═════ Provided data ═════
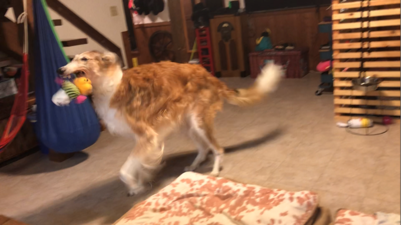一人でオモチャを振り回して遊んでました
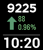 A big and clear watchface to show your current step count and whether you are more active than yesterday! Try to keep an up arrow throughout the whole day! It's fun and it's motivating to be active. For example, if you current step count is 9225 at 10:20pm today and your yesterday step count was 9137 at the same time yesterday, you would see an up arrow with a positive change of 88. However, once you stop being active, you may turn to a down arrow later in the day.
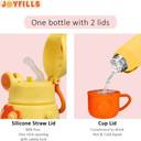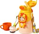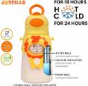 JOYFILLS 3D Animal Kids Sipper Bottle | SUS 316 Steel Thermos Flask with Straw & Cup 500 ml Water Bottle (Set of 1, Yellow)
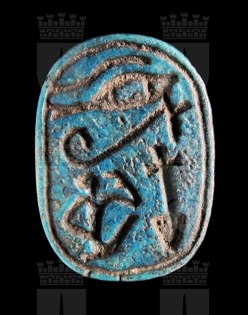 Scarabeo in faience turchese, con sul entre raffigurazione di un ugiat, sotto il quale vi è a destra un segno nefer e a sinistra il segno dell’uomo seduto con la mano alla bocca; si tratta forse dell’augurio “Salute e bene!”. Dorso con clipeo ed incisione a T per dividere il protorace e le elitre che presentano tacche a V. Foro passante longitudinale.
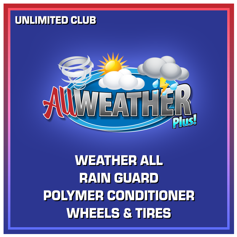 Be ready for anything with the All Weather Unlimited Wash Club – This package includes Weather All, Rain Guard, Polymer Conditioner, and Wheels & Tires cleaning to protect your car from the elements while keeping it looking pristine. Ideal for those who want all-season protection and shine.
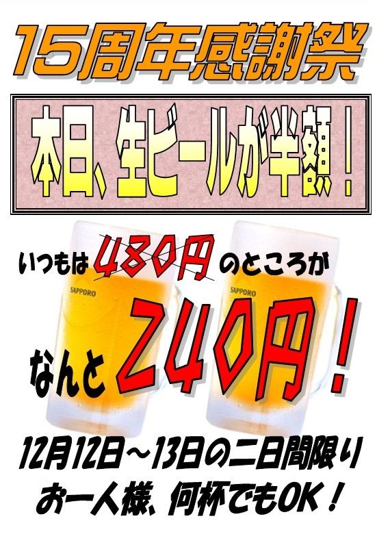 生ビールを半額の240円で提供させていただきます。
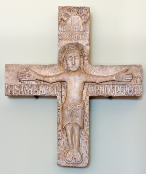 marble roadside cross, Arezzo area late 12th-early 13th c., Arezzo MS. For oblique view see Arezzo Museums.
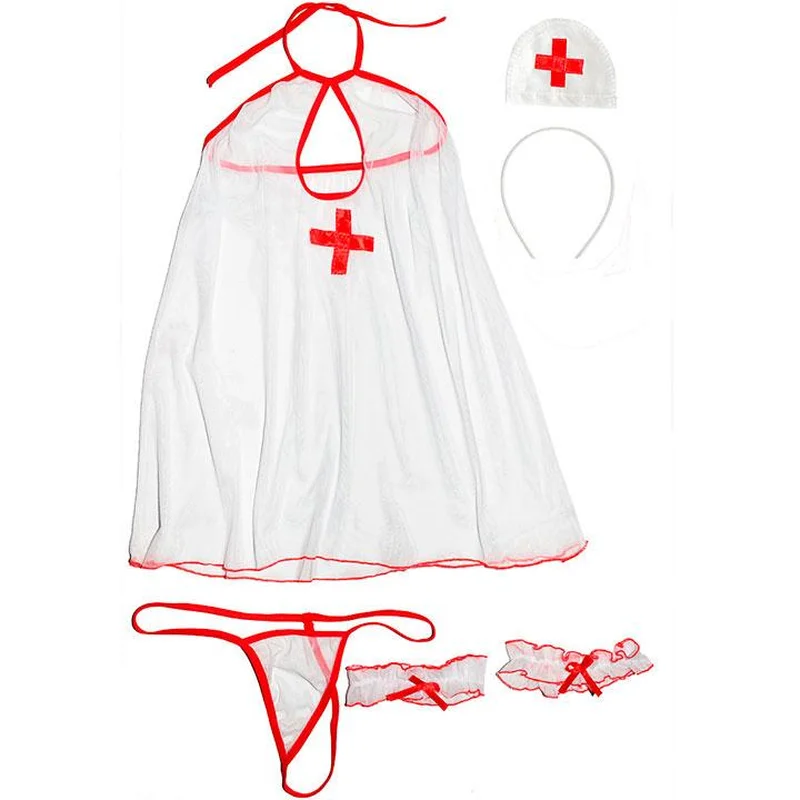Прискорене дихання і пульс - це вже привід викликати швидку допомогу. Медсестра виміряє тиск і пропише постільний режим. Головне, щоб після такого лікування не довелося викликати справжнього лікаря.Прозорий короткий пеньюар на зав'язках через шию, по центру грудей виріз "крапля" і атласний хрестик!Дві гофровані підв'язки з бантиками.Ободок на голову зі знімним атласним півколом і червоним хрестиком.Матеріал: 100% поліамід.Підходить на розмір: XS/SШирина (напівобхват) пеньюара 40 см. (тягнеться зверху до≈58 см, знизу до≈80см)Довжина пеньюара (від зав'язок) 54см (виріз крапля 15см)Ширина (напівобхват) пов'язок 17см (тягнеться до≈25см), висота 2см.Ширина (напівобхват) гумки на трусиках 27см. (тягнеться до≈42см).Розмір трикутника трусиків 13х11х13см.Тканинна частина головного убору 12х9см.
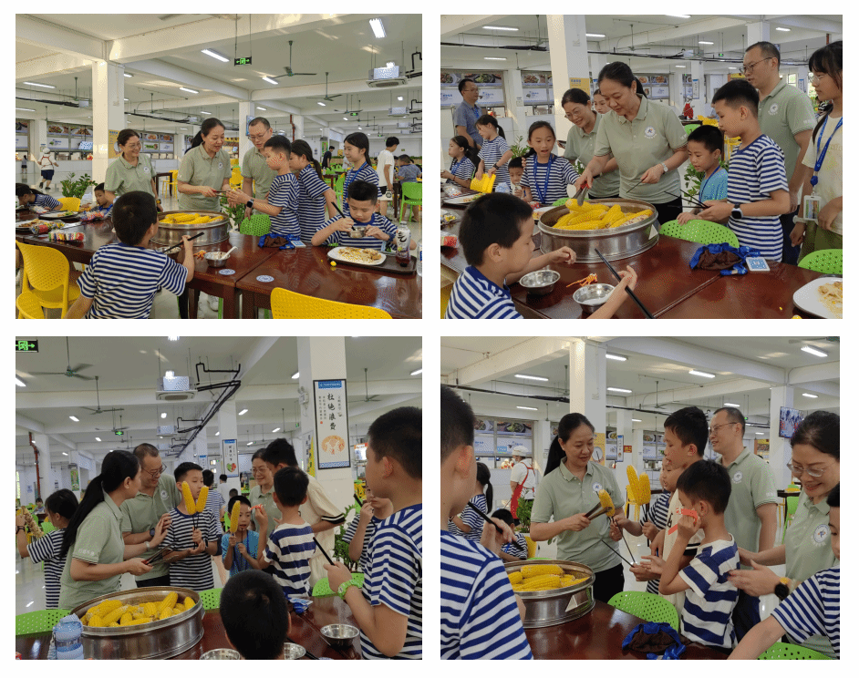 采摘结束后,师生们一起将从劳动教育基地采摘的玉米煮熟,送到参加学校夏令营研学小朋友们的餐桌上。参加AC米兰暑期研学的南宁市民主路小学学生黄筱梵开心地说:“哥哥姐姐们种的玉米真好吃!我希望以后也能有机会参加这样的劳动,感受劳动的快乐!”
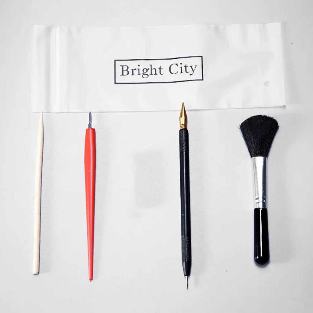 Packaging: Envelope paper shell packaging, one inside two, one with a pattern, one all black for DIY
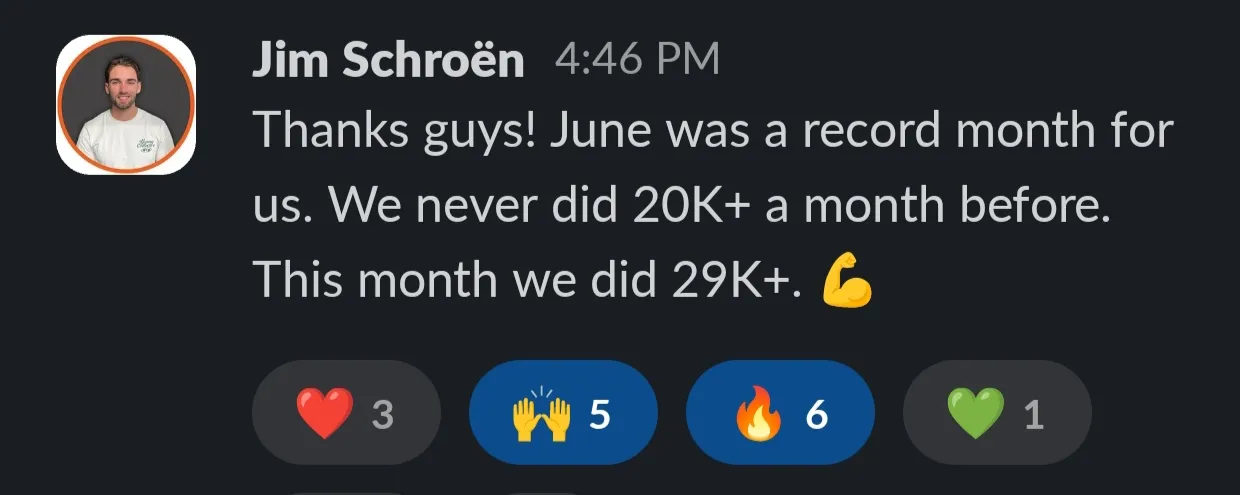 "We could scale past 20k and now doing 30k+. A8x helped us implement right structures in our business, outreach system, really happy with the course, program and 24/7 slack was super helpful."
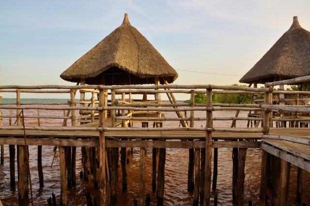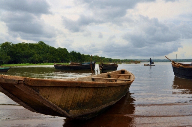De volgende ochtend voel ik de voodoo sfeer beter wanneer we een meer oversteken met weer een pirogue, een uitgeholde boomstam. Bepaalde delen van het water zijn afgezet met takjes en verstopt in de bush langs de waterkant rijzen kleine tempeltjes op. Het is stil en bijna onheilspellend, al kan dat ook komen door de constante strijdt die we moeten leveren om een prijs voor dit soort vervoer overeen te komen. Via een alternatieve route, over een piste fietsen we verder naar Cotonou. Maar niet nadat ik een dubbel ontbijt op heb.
═════
Exercise: Beginning at the line above that contains "JOYFILLS 3D Animal", repeat each line exactly through the one that contains "could scale past", and leave out the pictures.

Written response:
 JOYFILLS 3D Animal Kids Sipper Bottle | SUS 316 Steel Thermos Flask with Straw & Cup 500 ml Water Bottle (Set of 1, Yellow)
 Scarabeo in faience turchese, con sul entre raffigurazione di un ugiat, sotto il quale vi è a destra un segno nefer e a sinistra il segno dell’uomo seduto con la mano alla bocca; si tratta forse dell’augurio “Salute e bene!”. Dorso con clipeo ed incisione a T per dividere il protorace e le elitre che presentano tacche a V. Foro passante longitudinale.
 Be ready for anything with the All Weather Unlimited Wash Club – This package includes Weather All, Rain Guard, Polymer Conditioner, and Wheels & Tires cleaning to protect your car from the elements while keeping it looking pristine. Ideal for those who want all-season protection and shine.
 生ビールを半額の240円で提供させていただきます。
 marble roadside cross, Arezzo area late 12th-early 13th c., Arezzo MS. For oblique view see Arezzo Museums.
Прискорене дихання і пульс - це вже привід викликати швидку допомогу. Медсестра виміряє тиск і пропише постільний режим. Головне, щоб після такого лікування не довелося викликати справжнього лікаря.Прозорий короткий пеньюар на зав'язках через шию, по центру грудей виріз "крапля" і атласний хрестик!Дві гофровані підв'язки з бантиками.Ободок на голову зі знімним атласним півколом і червоним хрестиком.Матеріал: 100% поліамід.Підходить на розмір: XS/SШирина (напівобхват) пеньюара 40 см. (тягнеться зверху до≈58 см, знизу до≈80см)Довжина пеньюара (від зав'язок) 54см (виріз крапля 15см)Ширина (напівобхват) пов'язок 17см (тягнеться до≈25см), висота 2см.Ширина (напівобхват) гумки на трусиках 27см. (тягнеться до≈42см).Розмір трикутника трусиків 13х11х13см.Тканинна частина головного убору 12х9см.
 采摘结束后,师生们一起将从劳动教育基地采摘的玉米煮熟,送到参加学校夏令营研学小朋友们的餐桌上。参加AC米兰暑期研学的南宁市民主路小学学生黄筱梵开心地说:“哥哥姐姐们种的玉米真好吃!我希望以后也能有机会参加这样的劳动,感受劳动的快乐!”
 Packaging: Envelope paper shell packaging, one inside two, one with a pattern, one all black for DIY
 "We could scale past 20k and now doing 30k+. A8x helped us implement right structures in our business, outreach system, really happy with the course, program and 24/7 slack was super helpful."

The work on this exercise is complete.